> [Raw data]
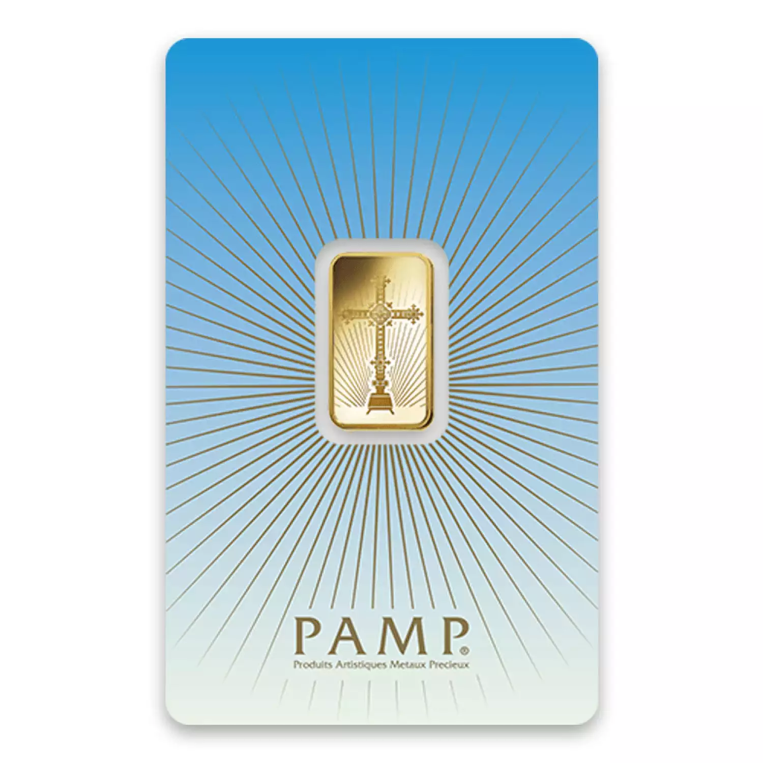 Buy the high-quality 5 grams PAMP Gold Bar - Romanesque Cross today from us online! The current gold price is updated on our website every minute.
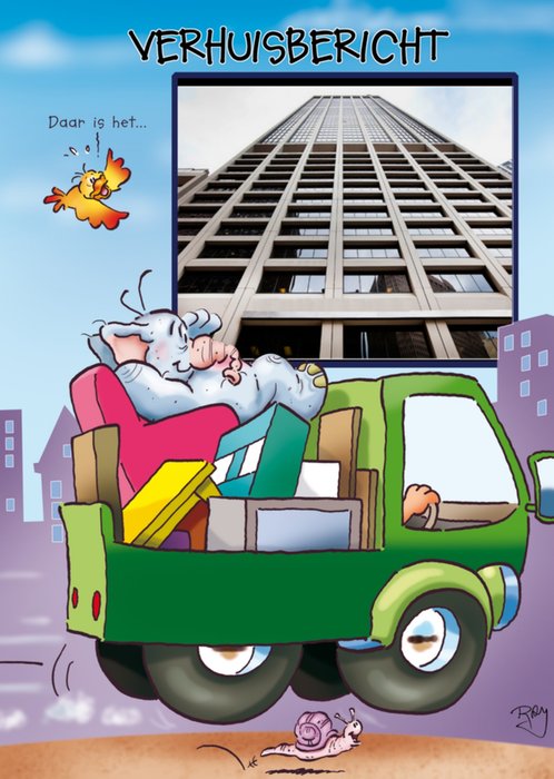 Het sjouwen met dozen is het mist leuke aan verhuizen. Wanneer het helemaal klaar is kan het feest beginnen. De olifant zit boven op de verhuisspullen in de truck. Boven hem in het frame kan een foto van het huis geplaatst worden.
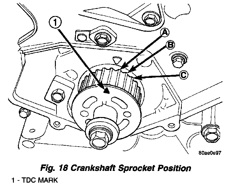 4. Position crankshaft sprocket to TDC, then rotate crankshaft until mark is three teeth before TDC (Fig. 18). This will ensure that no piston-to-valve contact occurs upon installation of cylinder head in the event of camshaft rotation.
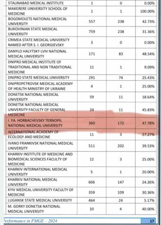 Згідно з опублікованими результатами успішності складання ліцензійного іспиту в Індії серед випускників, які навчалися в медичних вишах інших країн, Тернопільський національний медичний університет посідає одне з перших місць серед українських ЗВО. У підсумковій таблиці відображені результати складання Індійського ліцензійного іспиту (FMGE) за 2024 рік. Відсоток успішності випускників ТНМУ становить – 47,78%.
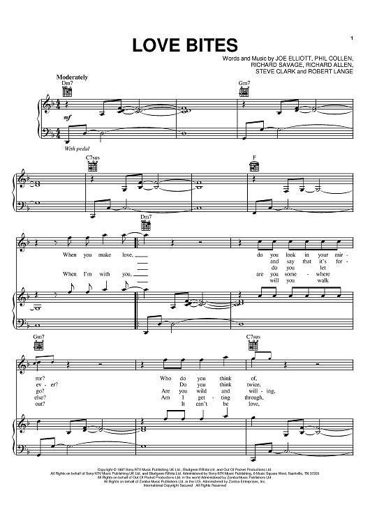 Digital Sheet Music for Love Bites by Steve Clark, Def Leppard, Robert Lange, Joe Elliott, Phil Collen, Rick Savage scored for Piano/Vocal/Chords; id:381849
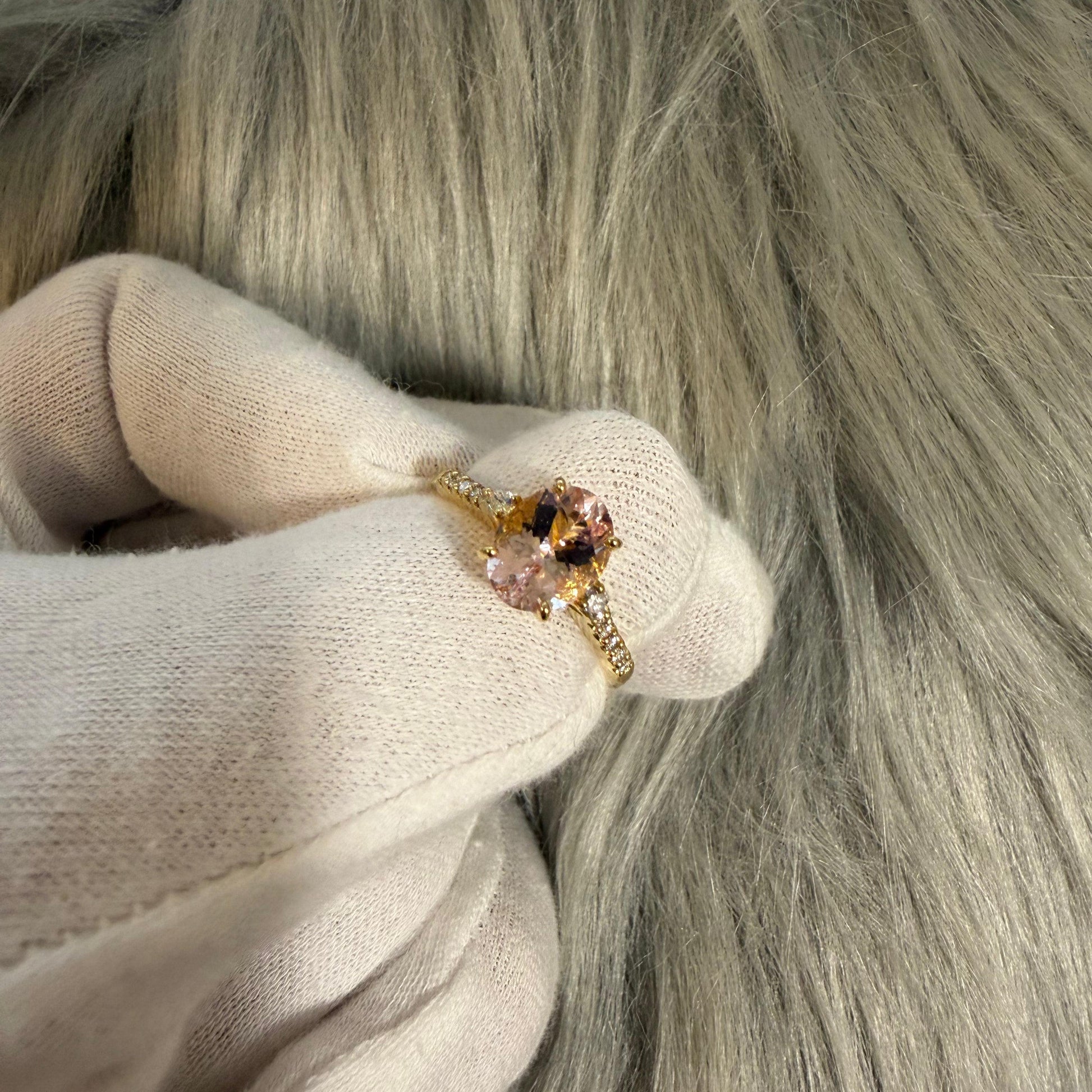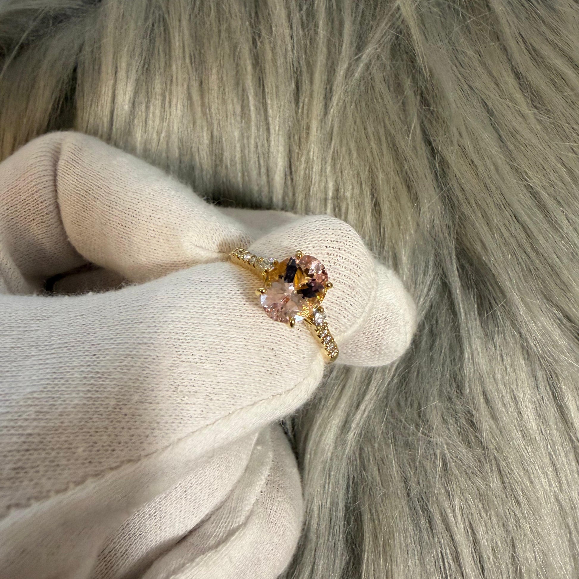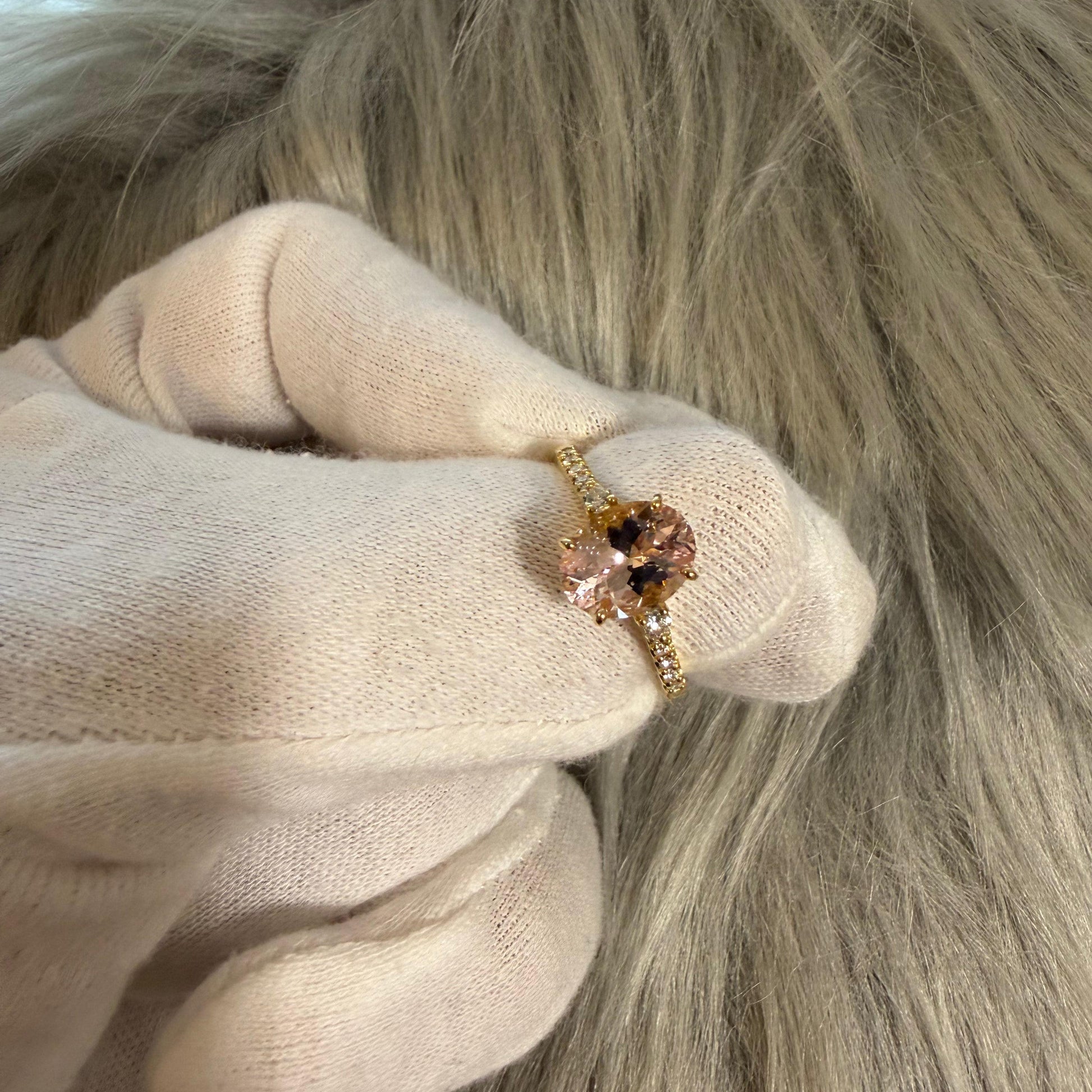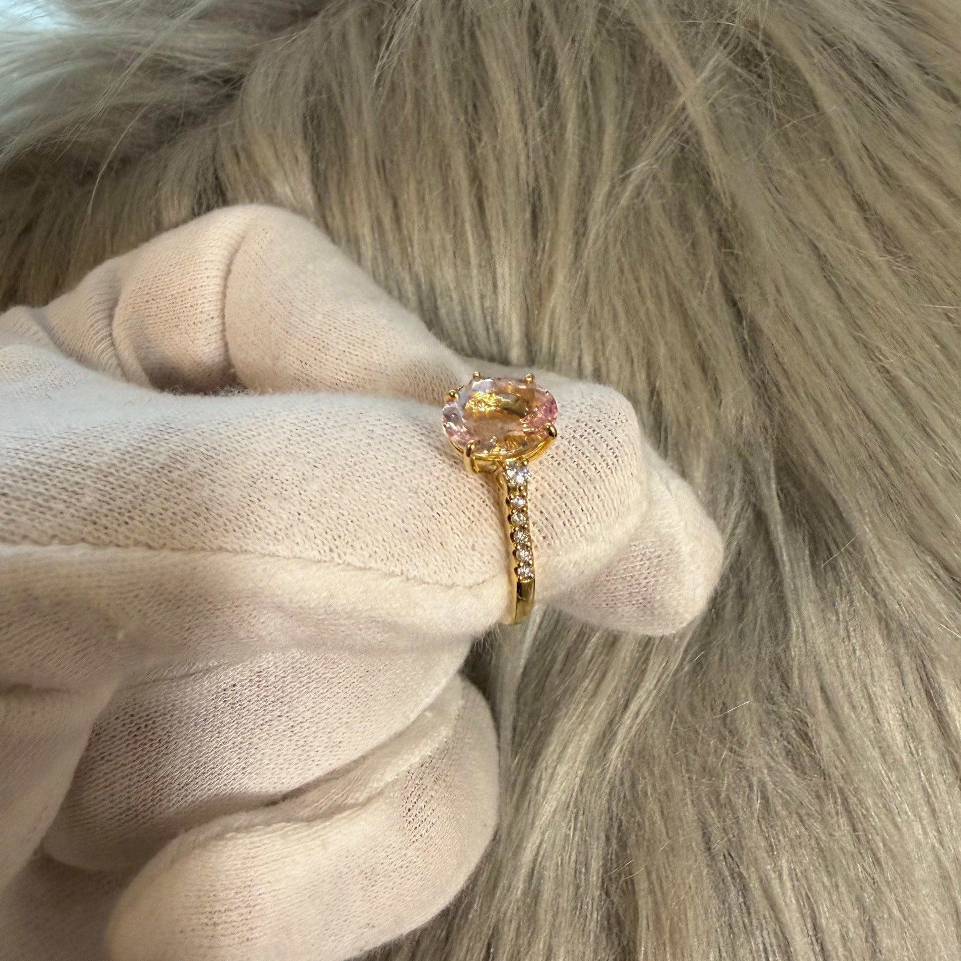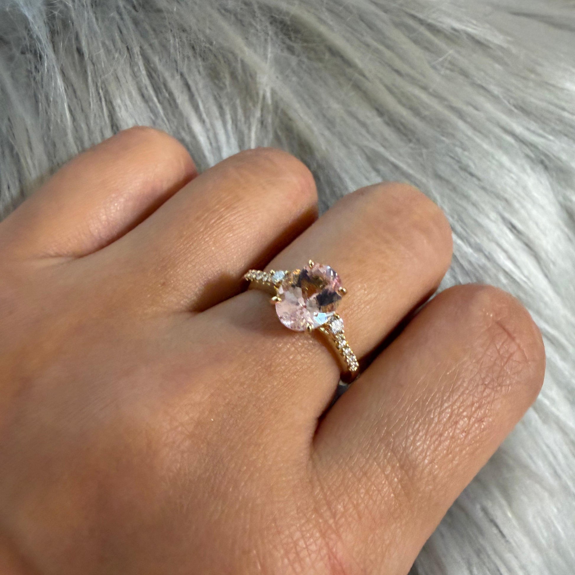 桜色のオーバルシェイプのモルガナイトx細身のアームにダイヤモンドを12石あしらったリング、Dance。

> [Activity]
The entire listing above is to be copied exactly, with all pictures omitted.

> [Response box]
 Buy the high-quality 5 grams PAMP Gold Bar - Romanesque Cross today from us online! The current gold price is updated on our website every minute.
 Het sjouwen met dozen is het mist leuke aan verhuizen. Wanneer het helemaal klaar is kan het feest beginnen. De olifant zit boven op de verhuisspullen in de truck. Boven hem in het frame kan een foto van het huis geplaatst worden.
 4. Position crankshaft sprocket to TDC, then rotate crankshaft until mark is three teeth before TDC (Fig. 18). This will ensure that no piston-to-valve contact occurs upon installation of cylinder head in the event of camshaft rotation.
 Згідно з опублікованими результатами успішності складання ліцензійного іспиту в Індії серед випускників, які навчалися в медичних вишах інших країн, Тернопільський національний медичний університет посідає одне з перших місць серед українських ЗВО. У підсумковій таблиці відображені результати складання Індійського ліцензійного іспиту (FMGE) за 2024 рік. Відсоток успішності випускників ТНМУ становить – 47,78%.
 Digital Sheet Music for Love Bites by Steve Clark, Def Leppard, Robert Lange, Joe Elliott, Phil Collen, Rick Savage scored for Piano/Vocal/Chords; id:381849
 桜色のオーバルシェイプのモルガナイトx細身のアームにダイヤモンドを12石あしらったリング、Dance。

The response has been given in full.